The wider problem is the tolerance for the ugliest voices, the reluctance to confront them clearly, and the instinct to change the subject the moment Jews point out what is happening to them.

This showed up again in Dearborn last year. FOX 2 Detroit reported that Hammoud told a Christian resident he was “not welcome” during a clash over signage honoring journalist Osama Siblani.

The ADL has documented Siblani’s past statements describing Hezbollah and Hamas as “freedom fighters” and expressing support for Hezbollah.

People are free to argue with the ADL. They are not free to act as though this record does not exist. A serious city does not flinch every time someone points to extremism in its midst.

At the same time, Dearborn’s Muslim community has also faced threats and ugly backlash. AP reported that the city increased police presence around places of worship after a Wall Street Journal opinion piece triggered Islamophobic and anti-Arab vitriol.

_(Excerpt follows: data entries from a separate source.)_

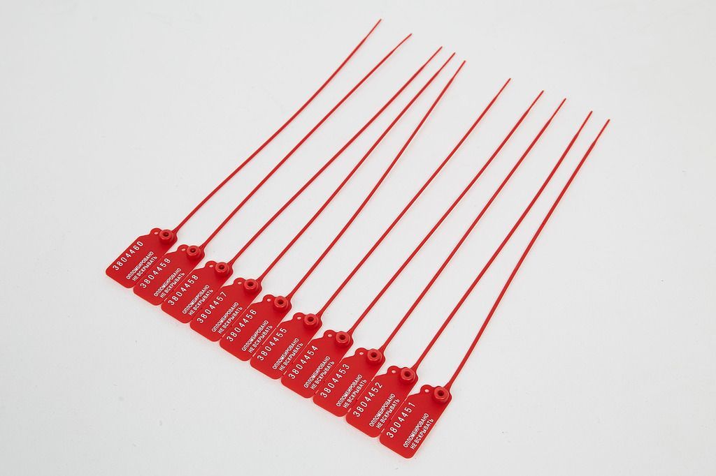 Пломба пласт. номерная, самофиксир., длина рабочей части 220 мм, красная 10/1000 купить оптом и в розницу в Нижнем Новгороде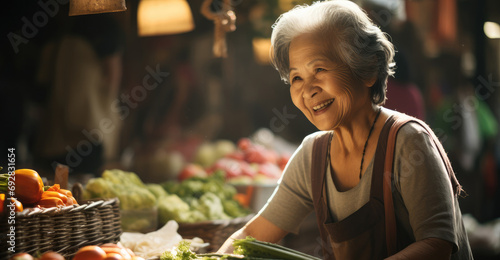 Asian senior woman selling her fruits and vegetables. Generative AI.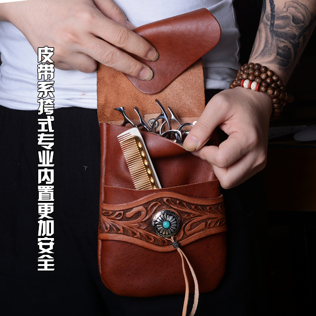 Master's special leather scissors bag hair bag hair bag hair kit 4 pack personality scissor bag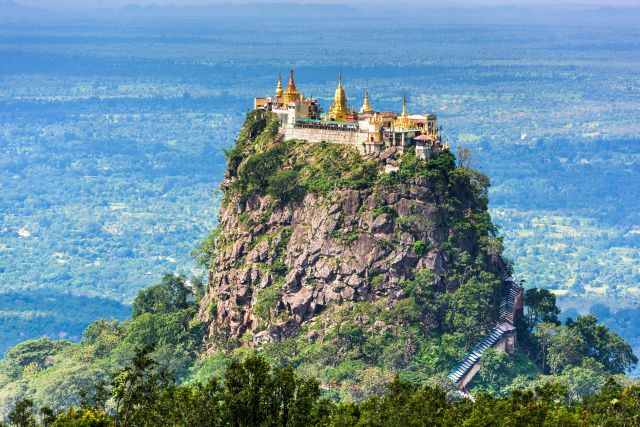 Położony na wysokości 737 metrów, na szczycie dawnego komina wulkanicznego buddyjski klasztor Taung Kalat to nie tylko miejsce zamieszkiwane przez mnichów i odwiedzane przez turystów, ale również dom dla 37 natów – czczonych w Birmie duchów opiekuńczych. Klasztor ze swymi złotymi kolumnami góruje nad okolicą osadzony na czubku masywnej skały o pionowych ścianach. Na szczyt prowadzą strome schody. Warto podjąć wspinaczkę, to jedno z najbardziej surrealistycznych miejsc na świecie.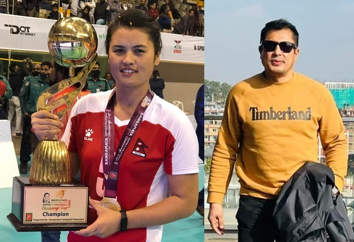 काठमाडौं (हाम्रो खेलकुद) – नेपाली राष्ट्रिय महिला भलिबल टोलीकी कप्तान अरुणा शाही र अभिनेता धिरेन शाक्यलाई यसै महिना पाल्पाको रानीमहलमा आयोजना हुने ‘सञ्जय मेमोरियल राष्ट्रिय महिला बिच भलिबल’ प्रतियोगिताको सद्भावना दुतमा नियुक्त गरिएको छ । बिच भलिबल पाल्पाको तानसेनस्थित रानीमहलमा चैत २४, २५ र २६ गते आयोजना हुदैछ । फाउन्डेसनको कार्यसमिति बैठकले प्रतियोगितालाई सफल बनाउन […]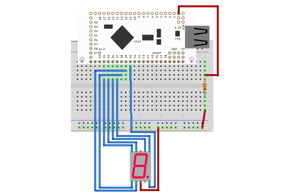 The LED display is common anode with pins 3 and 8 (top center and bottom center) to ground with a current limiting 330 ohm resistor in series. Connect the seven segment pins as shown below to IOIO pins 34 -40. The code can be modified for use with any other IO pins (all IOIO pins are GPIO pins). Here is a diagram of the completed circuit (created with Fritzing):

That matters too. It should have led to a basic principle everyone could agree on: communities that know what hate feels like should reject language that makes their Jewish neighbors feel hunted.

Yet America keeps getting this wrong. A synagogue attack does not begin when a vehicle slams into a building. It begins much earlier.

It begins when “death to Israel” becomes just another chant. It begins when Jews are told to hide the kippah, avoid certain neighborhoods, and keep their heads down while others openly fantasize about Jews’ disappearance.

Temple Israel was protected on Thursday by security, barriers, training, and a Jewish community that understood the danger before much of polite America was willing to say it out loud.

This is why the children got out. This is why it wasn't even worse. American Jews are now expected to build fortresses around preschools and pretend that it is normal.

It is disgraceful.

The intifada has been globalized. Jews in Michigan are just the most recent ones to pay the price. Who will be next?

America should stop acting confused about how one thing leads to the other.